**Given data:**
================================

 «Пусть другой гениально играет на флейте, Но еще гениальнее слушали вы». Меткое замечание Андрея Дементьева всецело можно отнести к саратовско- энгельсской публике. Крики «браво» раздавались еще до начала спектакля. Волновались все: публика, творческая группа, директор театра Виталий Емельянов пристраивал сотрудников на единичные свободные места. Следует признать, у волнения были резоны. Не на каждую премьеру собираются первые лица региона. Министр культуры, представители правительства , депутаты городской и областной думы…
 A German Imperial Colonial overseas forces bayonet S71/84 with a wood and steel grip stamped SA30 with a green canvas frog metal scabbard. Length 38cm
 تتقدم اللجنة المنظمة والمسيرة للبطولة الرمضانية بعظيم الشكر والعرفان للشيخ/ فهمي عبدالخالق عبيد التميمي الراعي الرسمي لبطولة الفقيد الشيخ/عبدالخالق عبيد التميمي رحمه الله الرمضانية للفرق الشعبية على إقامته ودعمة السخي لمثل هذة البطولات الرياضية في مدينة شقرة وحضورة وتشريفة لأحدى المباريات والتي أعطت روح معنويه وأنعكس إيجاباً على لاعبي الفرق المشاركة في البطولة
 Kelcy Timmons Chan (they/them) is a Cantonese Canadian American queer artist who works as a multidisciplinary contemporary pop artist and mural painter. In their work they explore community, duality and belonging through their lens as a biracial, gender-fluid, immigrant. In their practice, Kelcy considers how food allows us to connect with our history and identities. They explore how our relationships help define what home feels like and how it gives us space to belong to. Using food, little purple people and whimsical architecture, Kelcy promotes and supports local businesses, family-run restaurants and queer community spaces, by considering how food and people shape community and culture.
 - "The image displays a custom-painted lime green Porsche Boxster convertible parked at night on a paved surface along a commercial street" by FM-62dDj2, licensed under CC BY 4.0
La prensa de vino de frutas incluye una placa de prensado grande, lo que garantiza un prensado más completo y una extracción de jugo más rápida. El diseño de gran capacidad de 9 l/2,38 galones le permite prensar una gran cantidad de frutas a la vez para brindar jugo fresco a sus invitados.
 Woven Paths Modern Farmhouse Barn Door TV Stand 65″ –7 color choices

================================

Repeat the material in full, exactly as it stands.

**Output of the task:**
 «Пусть другой гениально играет на флейте, Но еще гениальнее слушали вы». Меткое замечание Андрея Дементьева всецело можно отнести к саратовско- энгельсской публике. Крики «браво» раздавались еще до начала спектакля. Волновались все: публика, творческая группа, директор театра Виталий Емельянов пристраивал сотрудников на единичные свободные места. Следует признать, у волнения были резоны. Не на каждую премьеру собираются первые лица региона. Министр культуры, представители правительства , депутаты городской и областной думы…
 A German Imperial Colonial overseas forces bayonet S71/84 with a wood and steel grip stamped SA30 with a green canvas frog metal scabbard. Length 38cm
 تتقدم اللجنة المنظمة والمسيرة للبطولة الرمضانية بعظيم الشكر والعرفان للشيخ/ فهمي عبدالخالق عبيد التميمي الراعي الرسمي لبطولة الفقيد الشيخ/عبدالخالق عبيد التميمي رحمه الله الرمضانية للفرق الشعبية على إقامته ودعمة السخي لمثل هذة البطولات الرياضية في مدينة شقرة وحضورة وتشريفة لأحدى المباريات والتي أعطت روح معنويه وأنعكس إيجاباً على لاعبي الفرق المشاركة في البطولة
 Kelcy Timmons Chan (they/them) is a Cantonese Canadian American queer artist who works as a multidisciplinary contemporary pop artist and mural painter. In their work they explore community, duality and belonging through their lens as a biracial, gender-fluid, immigrant. In their practice, Kelcy considers how food allows us to connect with our history and identities. They explore how our relationships help define what home feels like and how it gives us space to belong to. Using food, little purple people and whimsical architecture, Kelcy promotes and supports local businesses, family-run restaurants and queer community spaces, by considering how food and people shape community and culture.
 - "The image displays a custom-painted lime green Porsche Boxster convertible parked at night on a paved surface along a commercial street" by FM-62dDj2, licensed under CC BY 4.0
La prensa de vino de frutas incluye una placa de prensado grande, lo que garantiza un prensado más completo y una extracción de jugo más rápida. El diseño de gran capacidad de 9 l/2,38 galones le permite prensar una gran cantidad de frutas a la vez para brindar jugo fresco a sus invitados.
 Woven Paths Modern Farmhouse Barn Door TV Stand 65″ –7 color choices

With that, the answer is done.